■ Exercise inputs
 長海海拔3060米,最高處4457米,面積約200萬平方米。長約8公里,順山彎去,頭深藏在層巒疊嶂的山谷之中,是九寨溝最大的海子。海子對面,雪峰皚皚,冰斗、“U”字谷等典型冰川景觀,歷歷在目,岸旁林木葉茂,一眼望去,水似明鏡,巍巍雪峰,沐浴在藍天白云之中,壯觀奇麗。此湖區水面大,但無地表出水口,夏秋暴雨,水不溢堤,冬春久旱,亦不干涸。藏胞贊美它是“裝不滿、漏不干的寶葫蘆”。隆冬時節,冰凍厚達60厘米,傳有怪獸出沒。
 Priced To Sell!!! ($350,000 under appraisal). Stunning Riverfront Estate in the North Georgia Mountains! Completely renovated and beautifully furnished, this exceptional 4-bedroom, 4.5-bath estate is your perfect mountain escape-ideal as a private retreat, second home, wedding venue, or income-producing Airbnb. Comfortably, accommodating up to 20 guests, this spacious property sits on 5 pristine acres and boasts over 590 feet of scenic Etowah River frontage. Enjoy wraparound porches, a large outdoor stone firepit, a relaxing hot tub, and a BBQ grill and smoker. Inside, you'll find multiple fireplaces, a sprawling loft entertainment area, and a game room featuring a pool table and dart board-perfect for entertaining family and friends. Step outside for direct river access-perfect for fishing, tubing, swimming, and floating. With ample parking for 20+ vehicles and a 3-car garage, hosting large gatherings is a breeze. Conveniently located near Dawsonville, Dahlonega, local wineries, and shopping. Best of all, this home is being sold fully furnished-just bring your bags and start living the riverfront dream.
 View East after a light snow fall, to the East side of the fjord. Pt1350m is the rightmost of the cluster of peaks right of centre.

* * *

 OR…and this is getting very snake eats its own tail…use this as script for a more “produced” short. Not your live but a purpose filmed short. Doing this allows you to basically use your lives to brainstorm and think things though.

...

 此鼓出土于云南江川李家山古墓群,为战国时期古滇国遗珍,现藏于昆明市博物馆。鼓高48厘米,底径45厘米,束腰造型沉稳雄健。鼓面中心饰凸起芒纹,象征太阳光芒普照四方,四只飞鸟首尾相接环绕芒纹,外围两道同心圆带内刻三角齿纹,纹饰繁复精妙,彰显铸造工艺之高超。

■ What you need to do
Copy every line that contains "your" from the listing above.

■ Exercise answer
 Priced To Sell!!! ($350,000 under appraisal). Stunning Riverfront Estate in the North Georgia Mountains! Completely renovated and beautifully furnished, this exceptional 4-bedroom, 4.5-bath estate is your perfect mountain escape-ideal as a private retreat, second home, wedding venue, or income-producing Airbnb. Comfortably, accommodating up to 20 guests, this spacious property sits on 5 pristine acres and boasts over 590 feet of scenic Etowah River frontage. Enjoy wraparound porches, a large outdoor stone firepit, a relaxing hot tub, and a BBQ grill and smoker. Inside, you'll find multiple fireplaces, a sprawling loft entertainment area, and a game room featuring a pool table and dart board-perfect for entertaining family and friends. Step outside for direct river access-perfect for fishing, tubing, swimming, and floating. With ample parking for 20+ vehicles and a 3-car garage, hosting large gatherings is a breeze. Conveniently located near Dawsonville, Dahlonega, local wineries, and shopping. Best of all, this home is being sold fully furnished-just bring your bags and start living the riverfront dream.
 OR…and this is getting very snake eats its own tail…use this as script for a more “produced” short. Not your live but a purpose filmed short. Doing this allows you to basically use your lives to brainstorm and think things though.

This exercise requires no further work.